The reason for the limit, the City Council hearing room could accommodate only 250 people.

“Today we’ll be hearing legislation that seeks to limit the up front cost faced by many tenants in the rental process,” explained Housing and Buildings Committee Chair Robert Cornege Jr.

Under the legislation. brokers and agents hired by landlords to lease apartments could charge tenants a fee of no more than one month's rent. That's about half of the typical fee of 15 percent.

A handful of people, most representing non-profit organizations, testified in favor or the bill.

"Many of the fees that we see are inflated have no rational relation to any real cost,” said staff attorney for the Legal Aid Society, Robert Desir. "This exploitation of vulnerable populations and of our overheated market is just what this body is designed to protect against."

The rest of the 40 plus people who signed up to speak opposed it.

"We have an affordability crises in the city, but solving is not going to be on the backs of these individuals who maybe make 40, 50 thousand dollars a year," said Real Estate Board of New York Senior Vice President Reggie Thomas.

"We too are in jeopardy of losing our homes, a lot of other things," explained one broker.

"If I decide to charge one month or 15 percent that’s between me and my client, not between me and the City Council or between me and the government," testified broker Sheila Carroll of The Carroll Group.

The legislation would not apply to brokers hired by renters.
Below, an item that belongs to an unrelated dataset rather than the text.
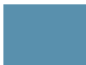
Bleu pastel RAL 5024 PB
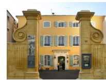
Centre Jean Giono

Those brokers, the bill’s sponsor, City Council member Keith Powers says, would be free to charge whatever commission they want.

The proposal would only apply to brokers hired by landlords.

”When a renter is moving into an apartment they shouldn’t have to pay these outlandish fees and we hear complaints about it every single day,” Powers told NY1.

Opponents told council members the bill would have an unintended consequences.

“Rents will go up because when the city mandates that owners pay even a portion of the brokers fee that fee is going to get baked into the monthly rent,” said Douglas Wagner of Bond NY Real Estate.

The de Blasio administration fell short of endorsing this legislation saying only it supports its "intent."

The sponsor says it will likely undergo some revisions over the summer. He's hoping to get it passed in the fall.